On 19.05.2025 17:19, Oleksii Kurochko wrote:
> On 5/15/25 10:42 AM, Jan Beulich wrote:
>> On 06.05.2025 18:51, Oleksii Kurochko wrote:
>>> --- /dev/null
>>> +++ b/xen/arch/riscv/include/asm/imsic.h
>>> @@ -0,0 +1,65 @@
>>> +/* SPDX-License-Identifier: MIT */
>>> +
>>> +/*
>>> + * xen/arch/riscv/imsic.h
>>> + *
>>> + * RISC-V Incoming MSI Controller support
>>> + *
>>> + * (c) 2023 Microchip Technology Inc.
>>> + */
>>> +
>>> +#ifndef ASM__RISCV__IMSIC_H
>>> +#define ASM__RISCV__IMSIC_H
>>> +
>>> +#include <xen/types.h>
>>> +
>>> +#define IMSIC_MMIO_PAGE_SHIFT   12
>>> +#define IMSIC_MMIO_PAGE_SZ      (1UL << IMSIC_MMIO_PAGE_SHIFT)
>>> +
>>> +#define IMSIC_MIN_ID            63
>> This isn't the "minimum ID", but the "minimum permissible number of IDs" as 
>> per
>> its first use in imsic_parse_node(). Further uses there consider it a mask,
>> which makes me wonder whether the imsic_cfg.nr_ids field name is actually
>> correct: Isn't this the maximum valid ID rather than their count/number?
> 
> imsic_cfg.nr_ids it is a value of interrupt identities supported by IMSIC 
> interrupt file according to
> DT binding:
>    riscv,num-ids:
>      $ref: /schemas/types.yaml#/definitions/uint32
>      minimum: 63
>      maximum: 2047
>      description:
>        Number of interrupt identities supported by IMSIC interrupt file.

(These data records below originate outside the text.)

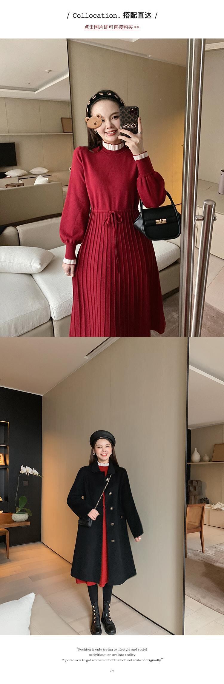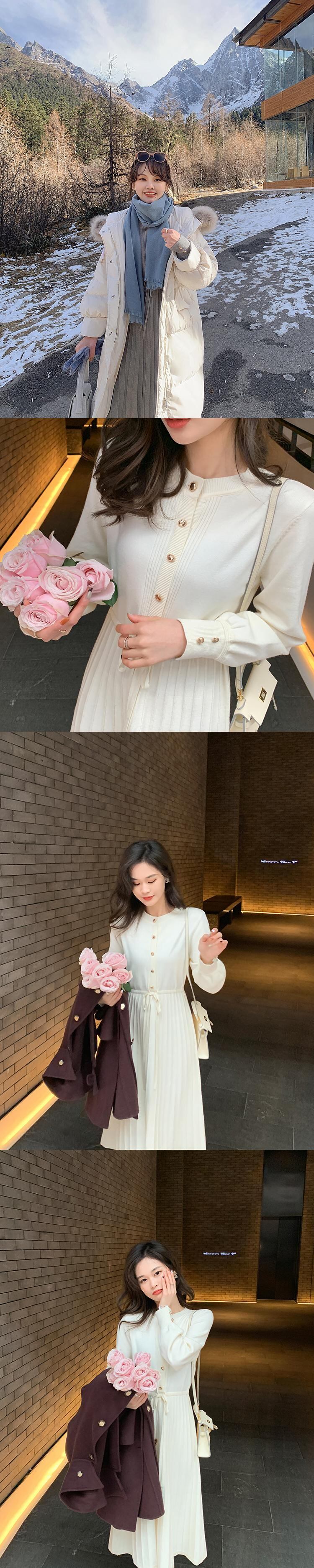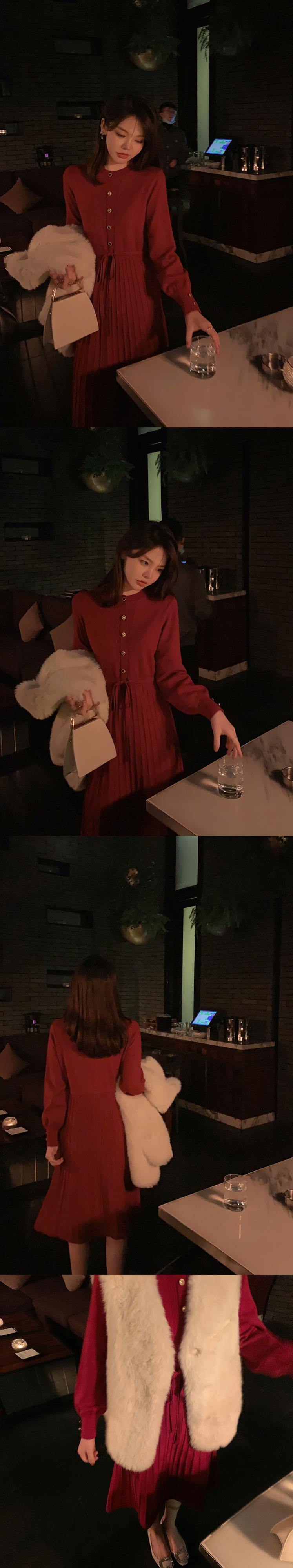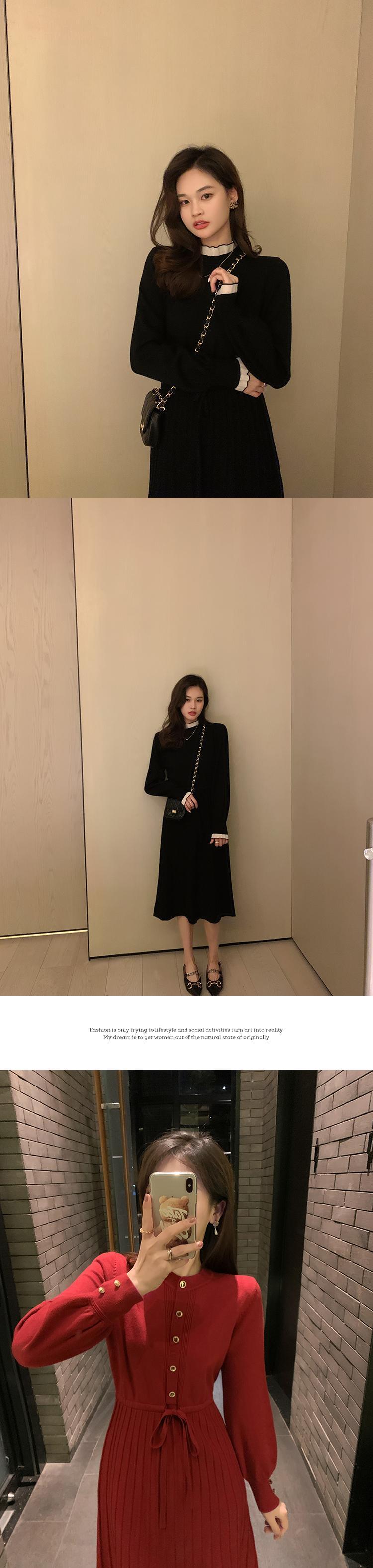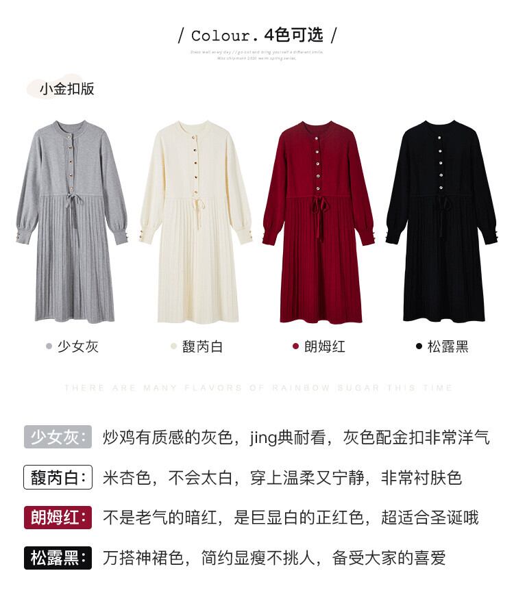 ミスシマリスレッドニットドレス気質スリムスカート2021ロングオータムドレス missi70475841426
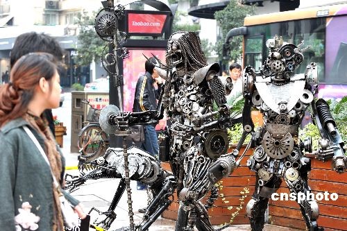 11月8日,由裝置藝術(shù)家周峰先生創(chuàng)作的九件“汽車零件機(jī)器人”在浙江杭州西湖創(chuàng)意市集上首次集中展示,嶄新的藝術(shù)創(chuàng)作形式吸引了眾多的眼球。據(jù)了解,近年來,作者大量收集汽車、摩托車上的廢舊金屬零件進(jìn)行焊接組合,創(chuàng)作了無敵戰(zhàn)士、恐龍、眼鏡蛇等一批風(fēng)格獨特的“機(jī)器人”。中新社發(fā) 李忠1 攝
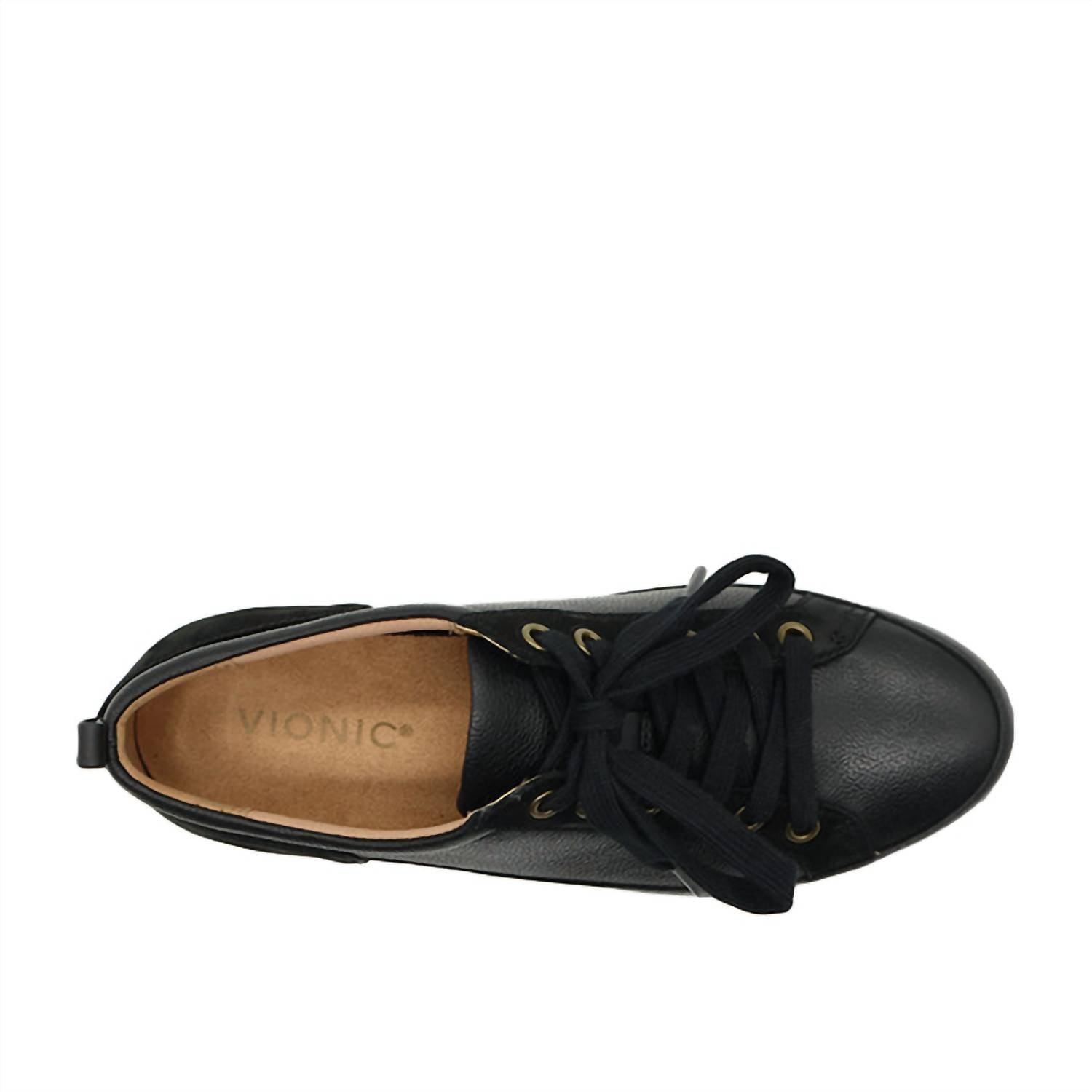 When fashion and function come together seamlessly. Introducing the Women's Winny Shoes by VIONIC, crafted for stylish travel and spring outings. These black sneakers feature a leather composition with a classic round toe and flat heel, ensuring both comfort and versatility. Designed specifically for adult women, these shoes are a chic addition to any wardrobe.
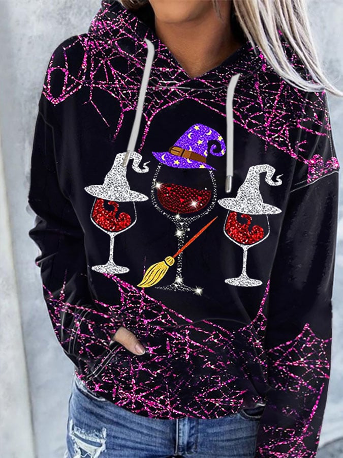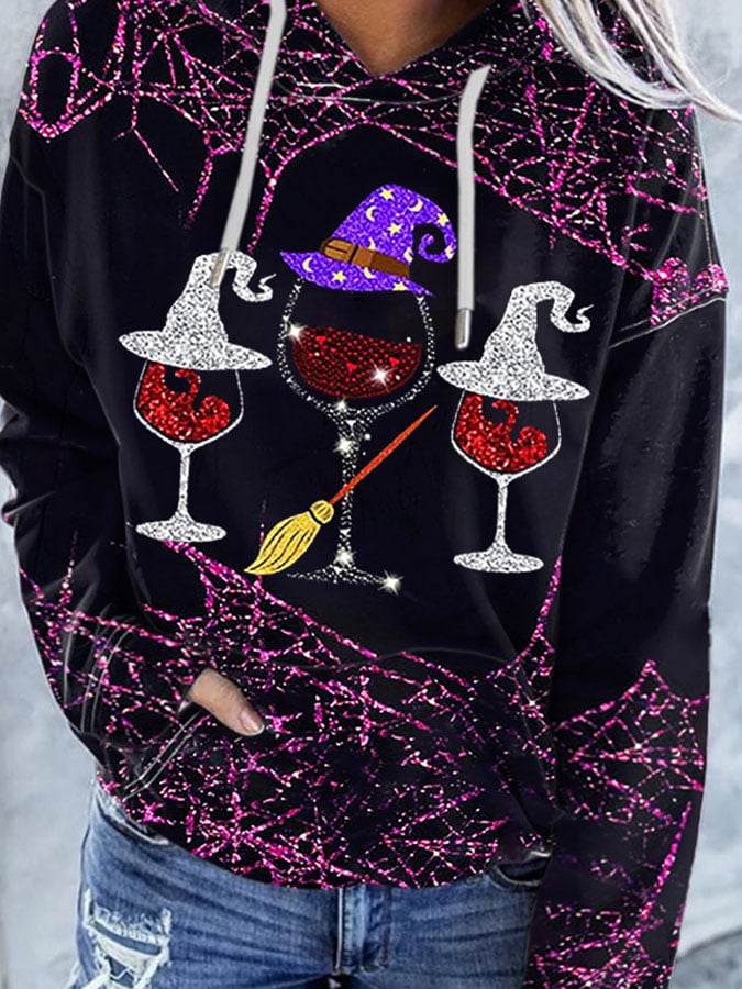 Women'S Casual Halloween Wine Glass Printed Hooded Long-Sleeve Sweatshirt
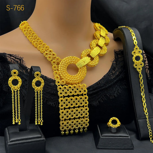 Dubai Gold Color Jewelry Set Bridal Indian Long Necklace Set Nigerian Choker Necklace Bracelet Earring Ring Sets
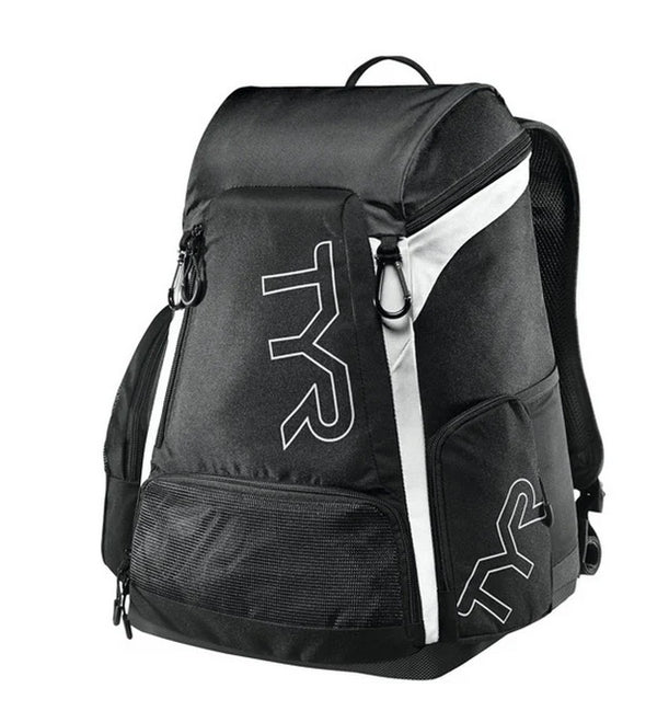 TYR Alliance 30L BackpackA new twist on an old classic, the LATBP30 is packed with state-of-the-art features engineered for athletes on the go. With a cutting-edge space saving design, the 30L maximizes storage without the bulk. In addition to contour shaped padding for ideal ergonomics and lumbar comfort, the new design also includes multiple front and side pockets, expandable mesh pockets for separating wet and dry items, spring hooks for wetsuits
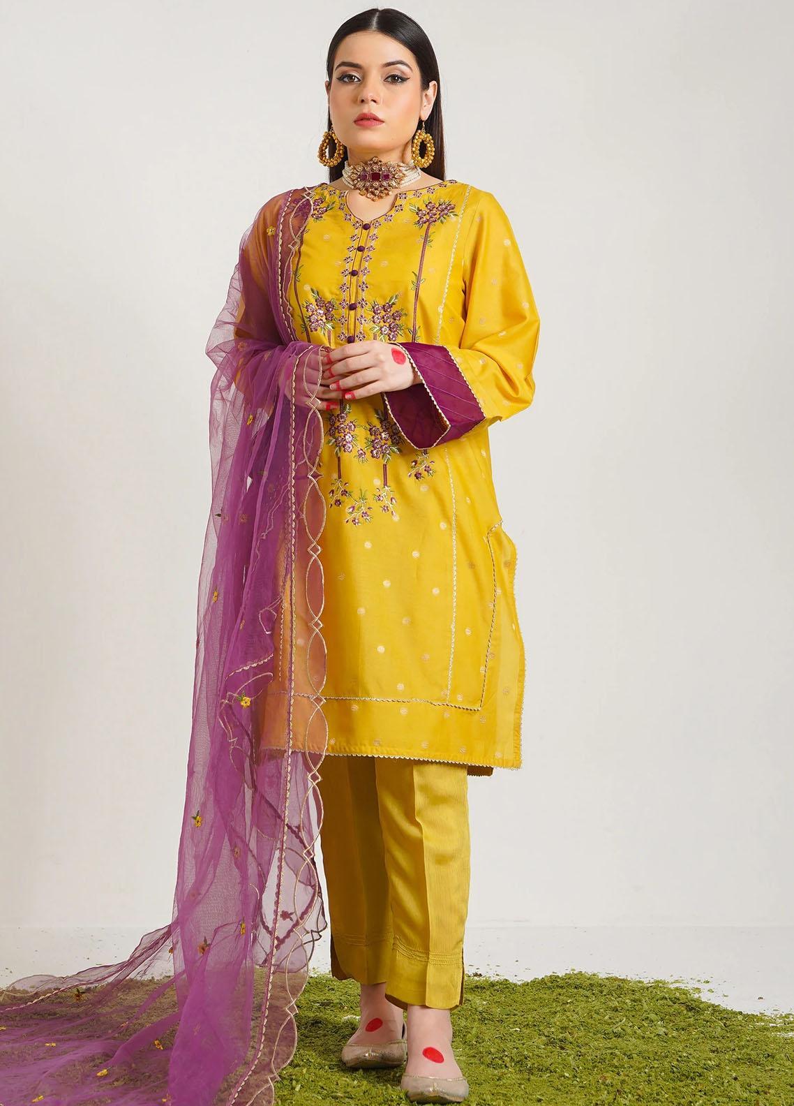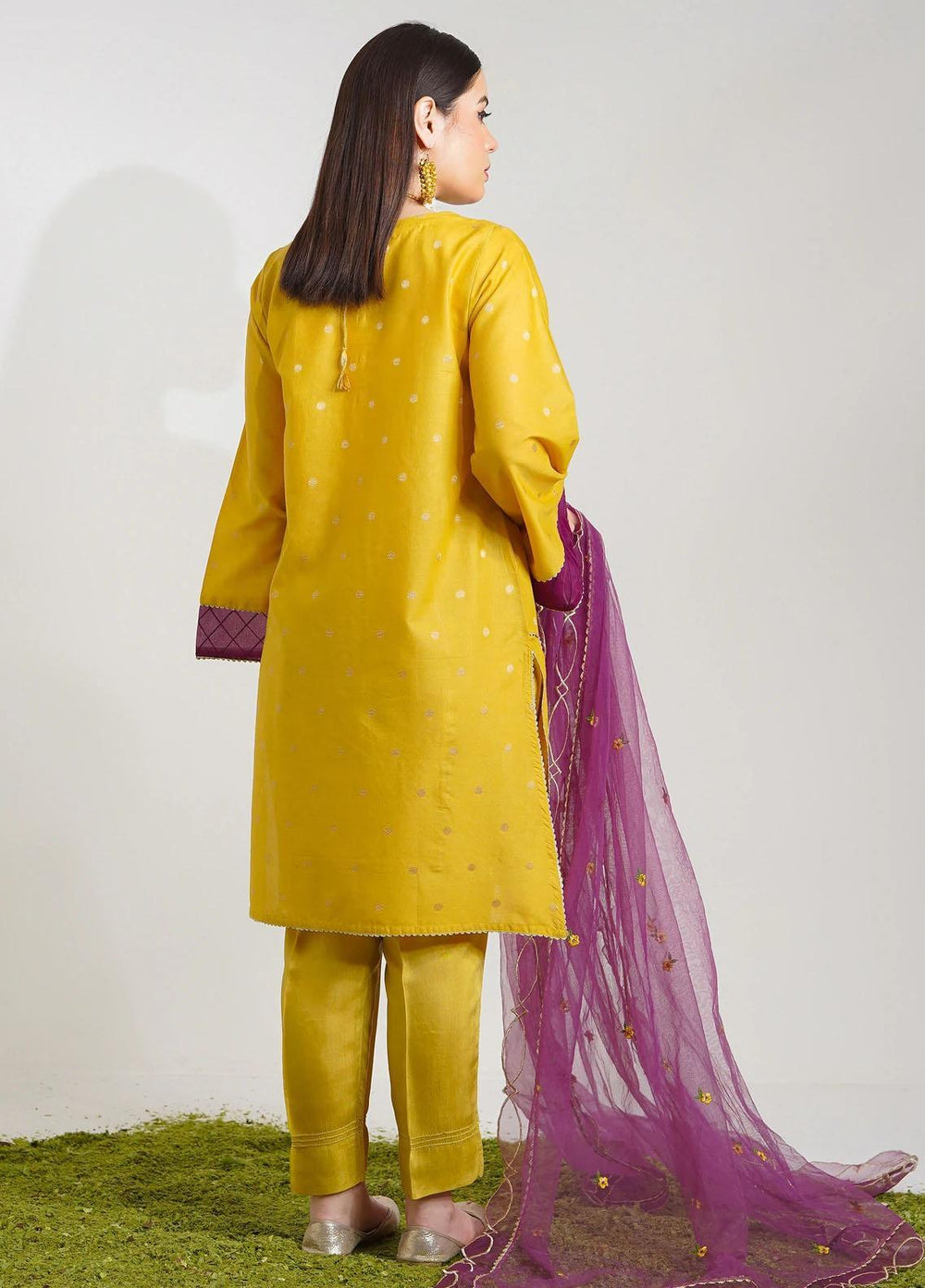In the rich mustard hue of this embroidered jacquard kurta, combined with an embroidered net dupatta, make a majestic statement.

Unless this count accounts for 0 being invalid (and hence isn't counted), I'm
still confused: With the maximum value this would mean 2046 is still valid,
but 2047 isn't anymore. When normally such a boundary would be at an exact
power of 2, i.e. between 2047 and 2048 here.